**DATASET RECORDS:**
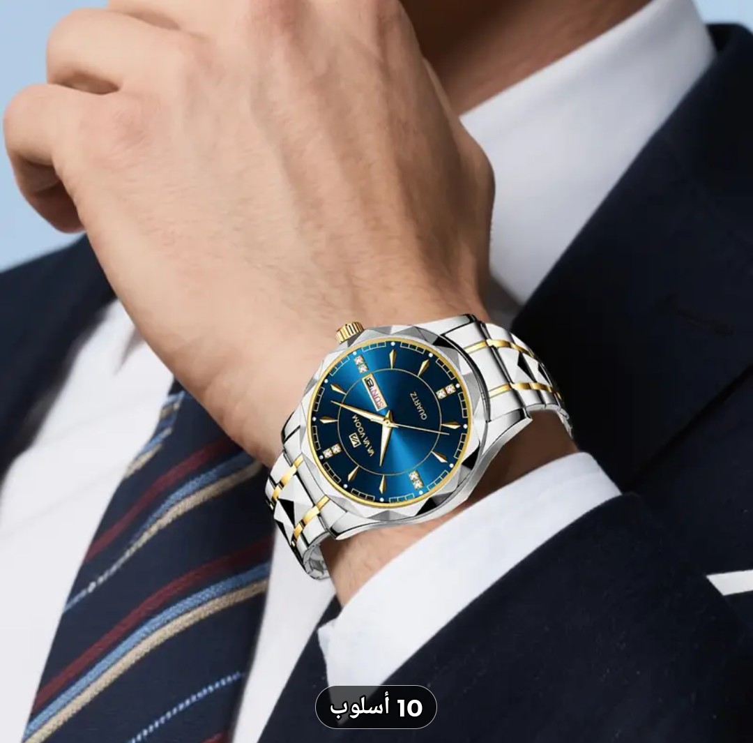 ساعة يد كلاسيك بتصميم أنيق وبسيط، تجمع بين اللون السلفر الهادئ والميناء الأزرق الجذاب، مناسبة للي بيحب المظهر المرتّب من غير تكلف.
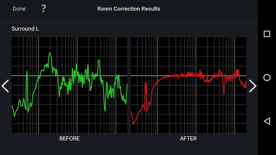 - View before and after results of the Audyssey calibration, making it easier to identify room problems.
==
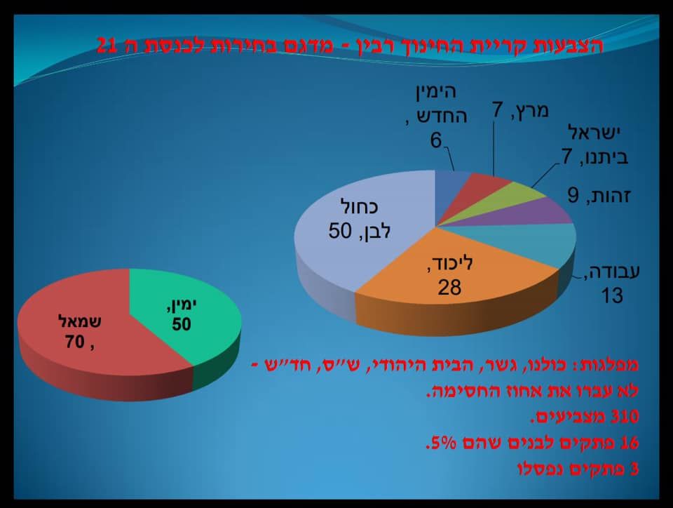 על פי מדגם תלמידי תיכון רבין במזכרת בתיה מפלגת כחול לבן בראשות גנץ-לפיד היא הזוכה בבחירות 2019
...
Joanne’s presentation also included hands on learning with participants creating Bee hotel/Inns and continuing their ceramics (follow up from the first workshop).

**ACTION ITEM:** Output only the stretch above from the line with "ساعة يد كلاسيك" through the line with "- View before", reproduced exactly. Exclude pictures.

**EXPECTED ANSWER:**
 ساعة يد كلاسيك بتصميم أنيق وبسيط، تجمع بين اللون السلفر الهادئ والميناء الأزرق الجذاب، مناسبة للي بيحب المظهر المرتّب من غير تكلف.
 - View before and after results of the Audyssey calibration, making it easier to identify room problems.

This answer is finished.